Administering DSS in the drinking water to mice or other animals for several days has direct toxic effects on epithelial cells in the intestinal crypts and on the integrity of the barrier, recapitulating the major symptoms of acute and chronic colitis. Therefore, the DSS-induced colitis model is useful for researching the contributions of immune mechanisms in colitis. Previous studies have shown that DSS administration for 7 or 10 days induces acute colitis, a loss of body weight, shortening of the colon, inflammatory gene expression, and phenotypes of histological staining [17, 18]. Therefore, we induced acute colitis by DSS administration in the drinking water for 6 days in ICR mice. Then, we confirmed the typical symptoms of UC, such as loss of body weight, intestinal shortening, and crypt damage, and found that these factors were reduced by treatment with K-M-128. Therefore, our formula suppresses the onset of UC.

Then, we identified inflammatory mechanisms in the colitis model. Macrophage infiltration and cytokine secretion have major roles in intestinal inflammation; macrophages and cytokines control multiple aspects of the inflammatory response. Macrophages have a crucial role in innate and adaptive immune responses. F4/80, which recognizes a murine macrophage surface protein, has been used to detect macrophage infiltration in the immune response. In our data, macrophages recognized by F4/80 were widely distributed in colon tissues, and the levels of inflammatory cytokines such as TNF-α, IL-6 and IL-1β were elevated in the sera of DSS-treated mice. In support of this finding, recruited macrophages are known to be associated with the secretion of TNF-α, IL-6 and IL-1β [19]. Therefore, TNF-α, IL-6 and IL-1β are very important cytokines in IBD because their levels are increased in the mucosa and serum in IBD, including UC and CD. For this reason, many studies have examined the regulation of cytokines as potential targets in therapeutic approaches [16, 20]. In the present study, we confirmed that DSS treatment induced immune responses such as macrophage infiltration and cytokine secretion, whereas K-M-128 repressed the pro-inflammatory cascade. Our data indicated that the mechanism of K-M-128 was related to the reduction of the macrophage infiltration and cytokine secretion from the mucosa into the serum.
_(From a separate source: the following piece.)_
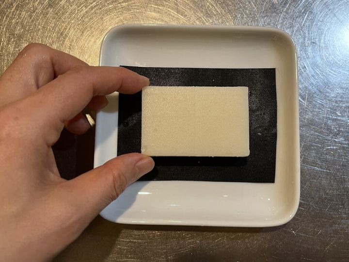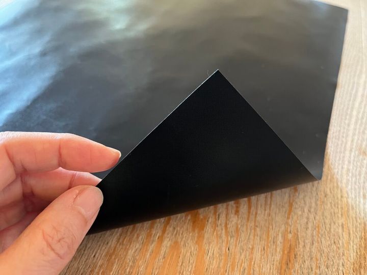 「くりかえし使えるクッキングシート」は、約33×33㎝の正方形。素材はポリテトラフルオロエチレン(いわゆるフッ素樹脂)とグラスファイバーです。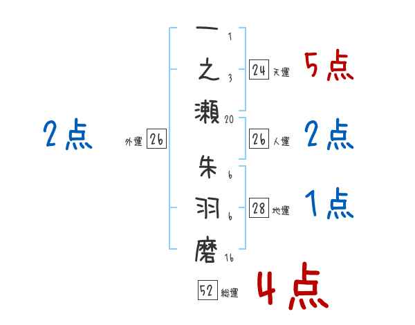 外運![]() | 一之瀬朱羽磨さんの外運は26画の2つ星!波瀾万丈かも。信頼できる人を大事にしましょう。 生活面を象徴する運勢です。外部から受ける影響力を表し、結婚運、家庭運や職場、環境への順応性を表します。 |

We anticipated that these inflammatory responses would be associated with the barrier function of intestinal crypts. The intestinal epithelial barrier has important protective effects against external insults such as antigens, toxins, or infections [21]. Several studies have suggested that the down-regulation of occludin, one of the tight junction proteins, is associated with IBD such as UC and CD [22, 23]. In addition, tight junction protein-1, also known as ZO-1, is associated with intracellular tight junctions. Thus, when DSS induces acute colitis, ZO-1 expression is also reduced, and intestinal permeability is subsequently increased [24, 25]. Therefore, the regulation of ZO-1 expression might be important in the treatment and prevention of colitis diseases. In this study, we found that the integrity of epithelial crypts relies on paracellular tight junctions through the expression of ZO-1 protein. If our formula can restore damaged epithelial mucosa, it might be associated with tight junction proteins. As shown in our results, K-M-128 prevented the down-regulation of tight junctions and the damage of intestinal crypts. ZO-1 expression in the K-M-128 (250 mg/kg) group was elevated compared with the control group. These results might indicate that K-M-128 had a better effect on intestinal barrier function. Moreover, our formula restored the barrier permeability dysfunction caused by IL-6 [10].

Conclusion

We conclude that our novel formula K-M-128 has anti-colitis effects through the regulation of paracellular tight junctions. Therefore, K-M-128 suppresses the inflammatory response by inhibiting the penetration of pro-inflammatory factors into the intestinal mucosa. K-M-128 might be further developed as an effective preventive approach to treat intestinal inflammation.